▶ _What is required_: Reproduce the entries in full and exactly. Pictures stay out.

▶ _Dataset entries_:
::::

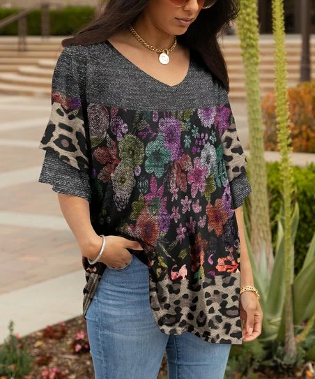 Revitalize your casual wardrobe with the bold print on this ruffle-sleeve tunic.
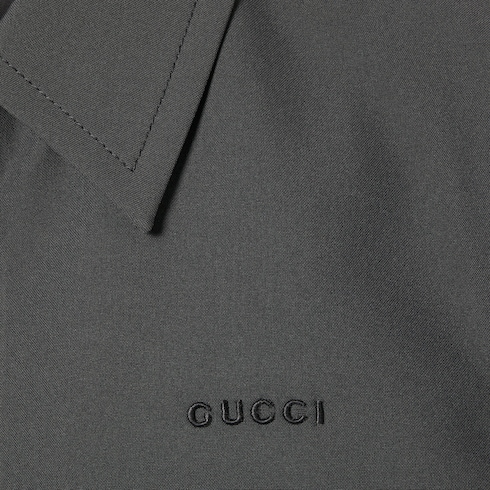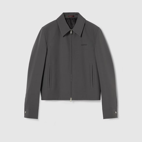 In der Herbst Winter 2025 Kollektion trifft Schneiderkunst auf unerwartete Leichtigkeit. Diese kurze Jacke kombiniert ein elegantes Design im College-Stil mit einer farblich abgestimmten Gucci Stickerei auf der Vorderseite.
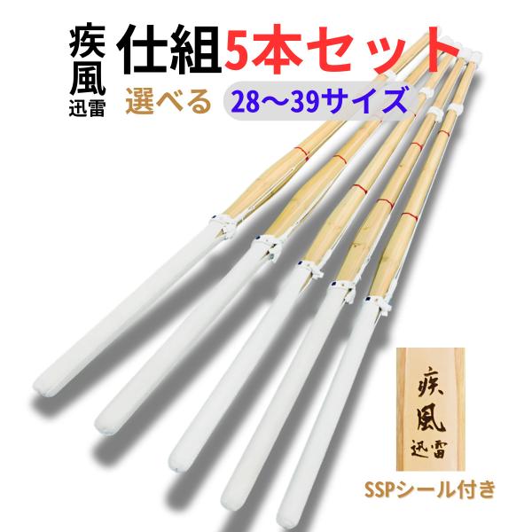 剣道 竹刀 5本 セット 疾風迅雷(焼) サイズ 選べる まとめ買い 黒白 吟風完成品 28〜39サイズ SSP付き 男子 女子 送料無料(北海道・沖縄除く)
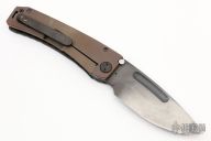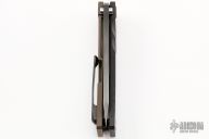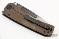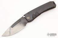 This Marauder by Medford Knives features a blackened drop point blade with fullers. The handle has a carbon fiber scale, and a tumbled/anodize finish titanium frame with a D2 skull crusher at the butt and flamed tip up clip. Nice detent, lockup and blade seating. Comes with original box and papers. Has some light scratches on the lockside. Great condition otherwise.
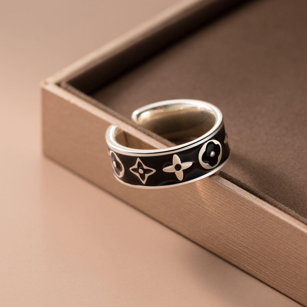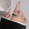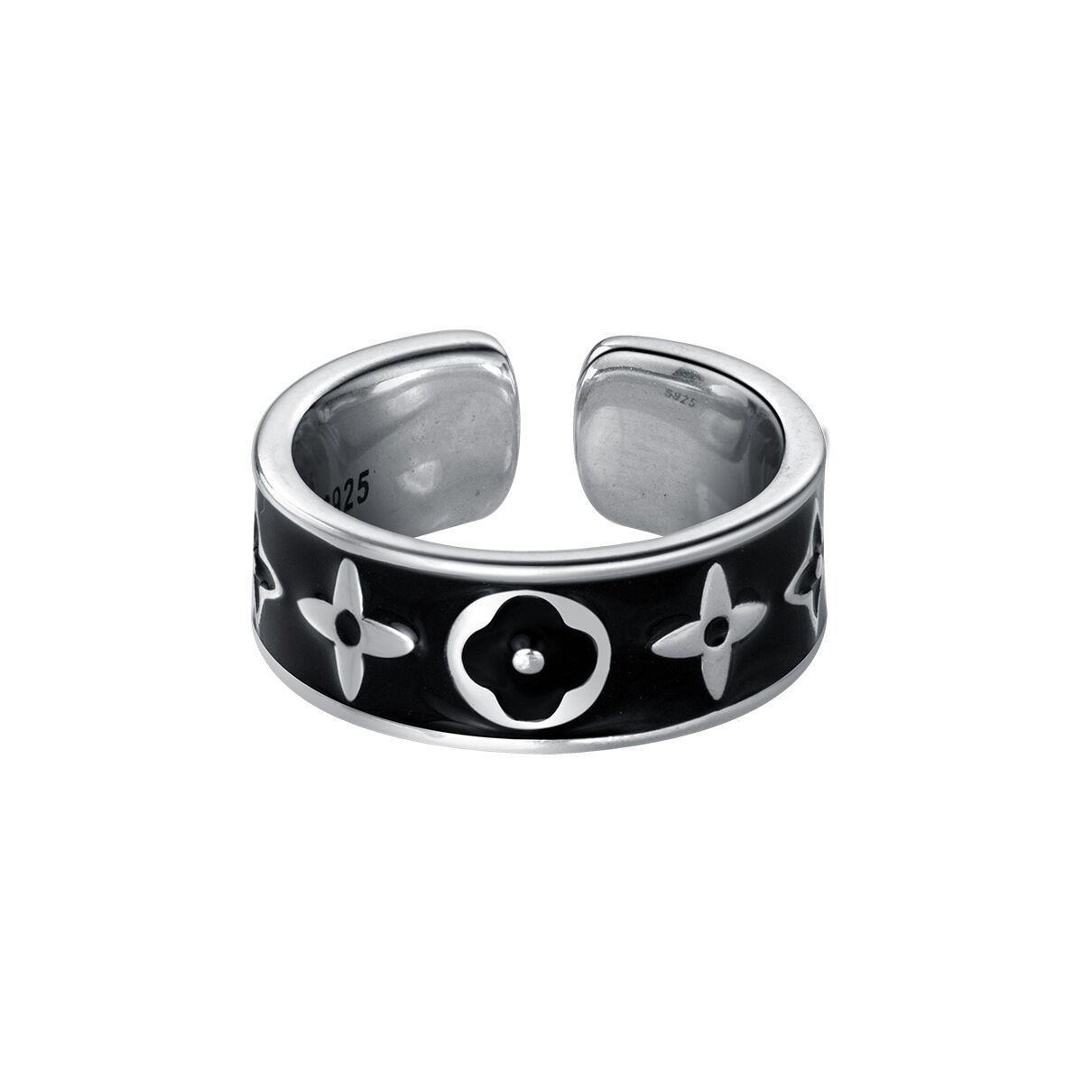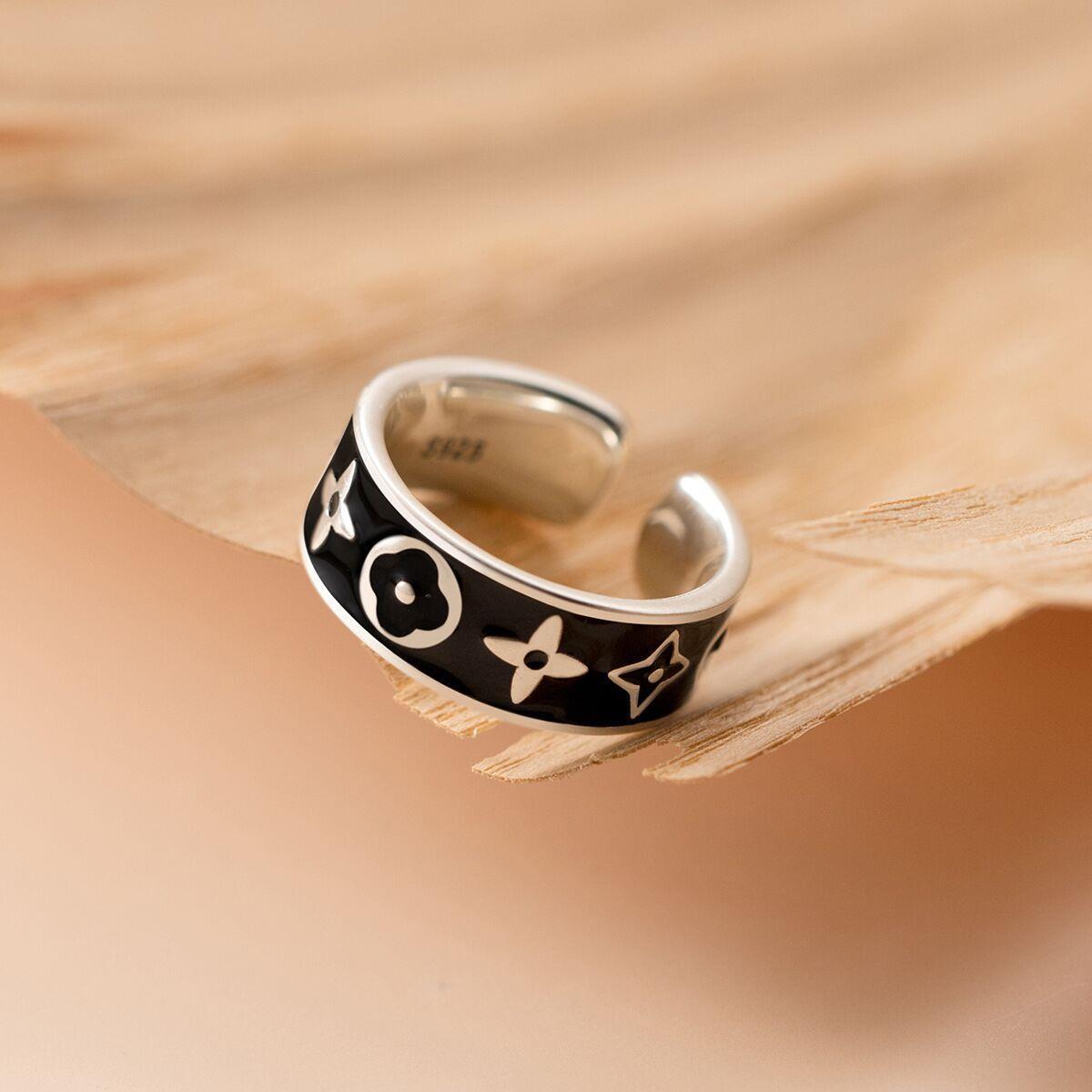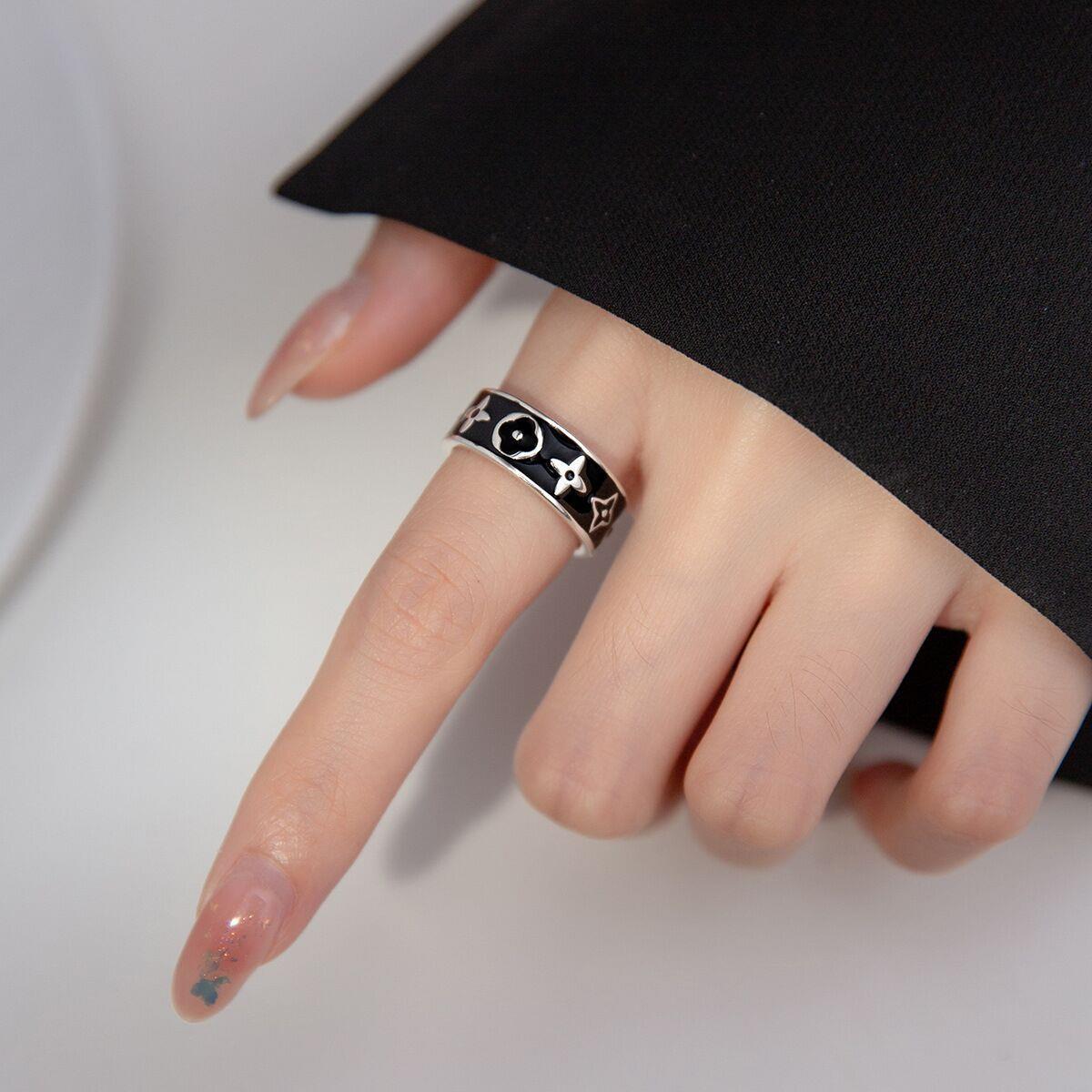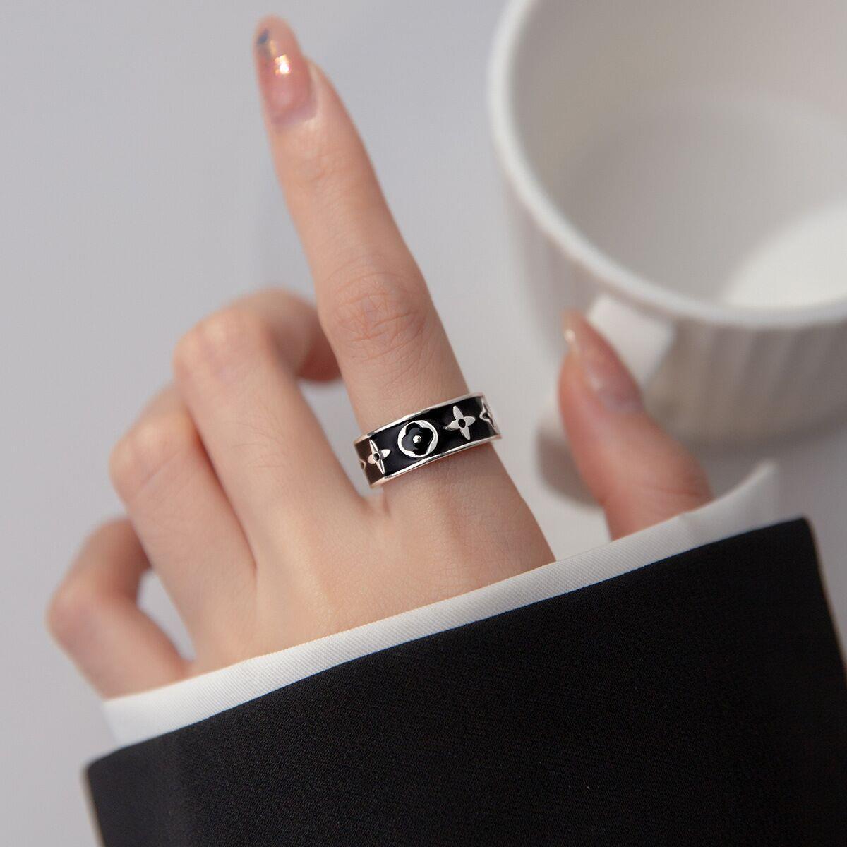 Anillo de flor negra estilo coreano con pegamento para mujer, elegante, personalizado, con diseño de nicho, ideal para celebridades de Internet.

::::

▶ _Result of the task_:
 Revitalize your casual wardrobe with the bold print on this ruffle-sleeve tunic.
 In der Herbst Winter 2025 Kollektion trifft Schneiderkunst auf unerwartete Leichtigkeit. Diese kurze Jacke kombiniert ein elegantes Design im College-Stil mit einer farblich abgestimmten Gucci Stickerei auf der Vorderseite.
 剣道 竹刀 5本 セット 疾風迅雷(焼) サイズ 選べる まとめ買い 黒白 吟風完成品 28〜39サイズ SSP付き 男子 女子 送料無料(北海道・沖縄除く)
 This Marauder by Medford Knives features a blackened drop point blade with fullers. The handle has a carbon fiber scale, and a tumbled/anodize finish titanium frame with a D2 skull crusher at the butt and flamed tip up clip. Nice detent, lockup and blade seating. Comes with original box and papers. Has some light scratches on the lockside. Great condition otherwise.
 Anillo de flor negra estilo coreano con pegamento para mujer, elegante, personalizado, con diseño de nicho, ideal para celebridades de Internet.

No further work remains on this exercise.